Archivo diario: 31 de mayo de 2012

Especialidades

Desde antes de licenciarme, en la universidad ya dejaban intuir que si quieres sobrevivir en esta jungla llamada mercado de la traducción, tienes que especializarte en un sector. Por supuesto la traducción jurídico-económica era la reina del baile, aunque también tonteabamos con la técnica, la audiovisual e incluso con la literaria.

 Mis delirios de grandeza hicieron que, con un trabajo en las instituciones europeas en mente –ingenua de mí-, me especializara, además, en temas comunitarios e institucionales, máster mediante.

Al dar los primeros pasos en el mundo profesional, en todo blog, foro o web relacionado con la traducción/interpretación  me ratificaron lo aprendido: el consejo principal que se da a los novatos es “¡especialízate!”.
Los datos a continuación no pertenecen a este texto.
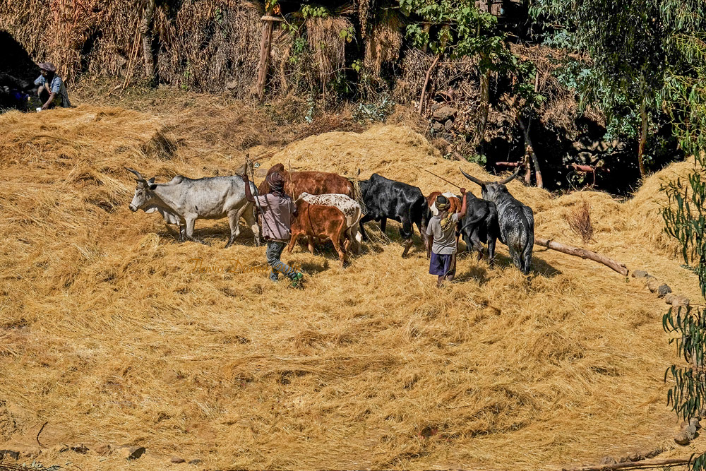 Qui mi riporti alla mia infanzia quando nei paesi contadini intorno a Cagliari si usava il giogo dei buoi per la prima lavorazione del grano.

 Sí, la especialización de un profesional de nuestro campo es clave para destacar entre la marabunta de colegas con una misma combinación lingüística.  Aunque también es un arma de doble filo que deja entrar a los “intrusos” que no son de la profesión, pero al saber más de leyes o de medicina que nosotros además de un segundo idioma, aprovechan para sacarse un sobresueldo –sin ir más lejos, mi dermatóloga, ni corta ni perezosa, me confesó que también traduce para una revista científica, quiero creer textos de su especialidad.

 Pero quizás el mayor peligro es el estancamiento.  Es necesario descubrir nuevos campos, aún a riesgo de decir aquello de “quien mucho abarca, poco aprieta…”, pero la curiosidad y las ganas de aprender del traductor son infinitas, ¿o no?

Todo esto no impide que sintamos una debilidad particular por un ámbito u otro, y quizás terminemos traduciendo sobre todo textos de ese campo que tanto nos gusta.

Y terminaré con una cita que oí el otro día en Anatomía de Grey refiriéndose a la medicina general, pero que es igualmente aplicable a nuestra profesión: “¿Por qué escoger solo un instrumento cuando puedes ser el director de la orquesta?”